Il y a un an, avec le soutien des dirigeants de la région, le président Emmanuel Macron a mené une mini-vague pour tenter de repousser les djihadistes, ajoutant environ 600 soldats pour porter la force totale de la France, connue sous le nom d’opération Barkhane, à 5100. Travaillant avec les armées locales, les troupes françaises ont remporté de gros succès tactiques, en particulier contre l’État islamique du Grand Sahara (isgs). En bombardant ses cachettes et en poursuivant ses convois de motos et de camionnettes, Barkhane a secoué ce groupe djihadiste.

Pourtant, alors même que les troupes françaises ont martelé des milices liées aux ISG, d’autres, pour la plupart affiliés à une branche d’Al-Qaïda, ont poursuivi leurs activités meurtrières. La cruelle vérité est que la France se trouve à la tête d’une guerre qu’elle aura du mal à gagner et pour laquelle personne n’est particulièrement reconnaissant. Chez lui, Barkhane bénéficie du soutien de tous les partis, mais un nouveau sondage suggère qu’une faible majorité des électeurs français s’opposent désormais à la guerre. Dans la région, où la France a souvent soutenu des autocrates ou fermé les yeux sur les coups d’État dans ses anciennes colonies, elle fait face à des manifestations en cours. Le 16 février, après un sommet avec les dirigeants du Sahel, M. Macron a promis de ne pas retirer immédiatement ses troupes, mais a déclaré que ce n’était pas «une guerre éternelle» (voir l’article).
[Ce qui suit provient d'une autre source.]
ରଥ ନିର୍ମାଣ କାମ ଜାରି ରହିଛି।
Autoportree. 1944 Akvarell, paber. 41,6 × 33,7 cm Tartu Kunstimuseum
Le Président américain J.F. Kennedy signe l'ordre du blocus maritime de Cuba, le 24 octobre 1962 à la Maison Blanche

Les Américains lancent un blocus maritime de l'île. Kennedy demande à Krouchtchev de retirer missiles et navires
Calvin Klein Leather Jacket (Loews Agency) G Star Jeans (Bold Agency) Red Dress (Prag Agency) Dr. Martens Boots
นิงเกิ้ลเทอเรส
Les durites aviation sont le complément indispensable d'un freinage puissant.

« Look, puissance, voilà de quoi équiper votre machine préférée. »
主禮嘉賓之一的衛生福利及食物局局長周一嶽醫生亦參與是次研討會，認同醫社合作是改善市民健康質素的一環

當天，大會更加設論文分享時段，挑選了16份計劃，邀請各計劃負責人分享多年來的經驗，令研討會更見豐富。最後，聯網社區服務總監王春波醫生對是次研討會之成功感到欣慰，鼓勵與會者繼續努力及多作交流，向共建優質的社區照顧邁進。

Les propres armées de la région se sont considérablement améliorées depuis 2013, lorsque les rebelles et les jihadistes ont envahi tout le nord du Mali et marchaient sur Bamako, la capitale. Mais ils sont loin d’être prêts à tenir la ligne sans le soutien des troupes françaises et de la puissance aérienne, la collecte de renseignements américains et la formation d’autres puissances occidentales. Le gouvernement malien contrôle à peine une grande partie du nord ou du centre du pays au-delà de ses plus grandes villes, et ce n’est qu’avec l’aide d’une force de l’ONU de 15 000 hommes.
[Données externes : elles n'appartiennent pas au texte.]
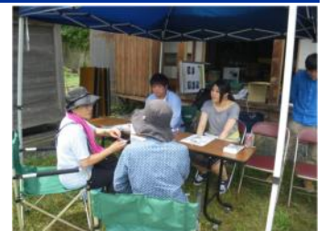
極楽寺でのおもてなし
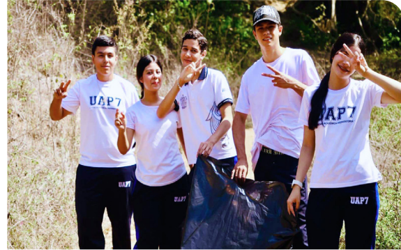
Jornada Nacional de Tequios por la Tierra y Murales Mundialistas

Respecto a las acciones emprendidas, se ha mejorado el proceso de comunicar de manera eficaz al interior y al exterior, las normativas y buenas prácticas que se gestan en la universidad, marcando una agenda de trabajo diario que implica articular y armonizar proyectos, que permitan un desahogo eficiente en la atención de sus necesidades, así como, detectar necesidades de formación de la comunidad directiva para mejorar sus prácticas de gestión.
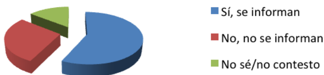
Figura 1. Información de los MENA
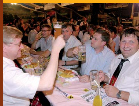
Gute Stimmung im Festzelt

Il y a aussi des limites à ce que les étrangers lourdement armés peuvent accomplir, comme les armées occidentales l’ont appris en Somalie et en Afghanistan. C’est un combat qui sera finalement gagné ou perdu par les propres gouvernements de la région. Cela dépendra à son tour de la possibilité de regagner la confiance des populations rurales longtemps négligées, qui considèrent souvent les djihadistes comme moins prédateurs et corrompus que l’État. Les gouvernements du Mali, du Niger et du Burkina Faso doivent faire un meilleur travail de fourniture de services tels que l’eau potable, les écoles et les cliniques. Ils devront également lutter contre la corruption et les violations des droits humains. L’année dernière, plus de civils au Sahel ont été tués par des soldats du gouvernement que par des djihadistes. La France et ses alliés occidentaux ne peuvent pas faire grand-chose pour améliorer la gouvernance sahélienne. Mais ils peuvent conditionner davantage leur soutien aux chefs locaux et aux armées à des changements tangibles, tels que la poursuite des soldats accusés de crimes de guerre. La fin des coups d’État, comme celui du Mali l’année dernière, serait également utile.
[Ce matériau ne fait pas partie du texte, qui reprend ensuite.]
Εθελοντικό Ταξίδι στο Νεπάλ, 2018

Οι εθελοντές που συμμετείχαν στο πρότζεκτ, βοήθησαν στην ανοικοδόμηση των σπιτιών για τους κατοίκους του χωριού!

Si la France veut que les gouvernements du Sahel assument plus de responsabilités, elle devra peut-être accepter que leurs dirigeants puissent entamer des pourparlers de paix avec certains des jihadistes qu’elle combat. Les cessez-le-feu locaux comme celui qui a été instauré à Djibo, une ville du nord du Burkina Faso, pourraient être un point de départ utile et un moyen de permettre aux enseignants et aux infirmières de revenir.

Même si M. Macron voudrait trouver un moyen de ramener les troupes françaises chez eux, il en faudra beaucoup au Sahel pendant des années. Cependant, il n’est pas raisonnable de s’attendre à ce que la France assume seule le fardeau du combat. La région tout entière serait endommagée si les États déjà faibles du Sahel s’effondraient. Les pays dotés d’armées efficaces comme le Ghana pourraient faire davantage pour se protéger en protégeant leurs voisins. Quelques alliés européens de la France se sont avancés avec de petits commandos. D’autres devraient tenir leurs promesses de les rejoindre. Personne ne veut rester coincé dans une guerre éternelle. Mais repousser les djihadistes demandera des troupes, de l’argent, de la coopération et, surtout, de la patience.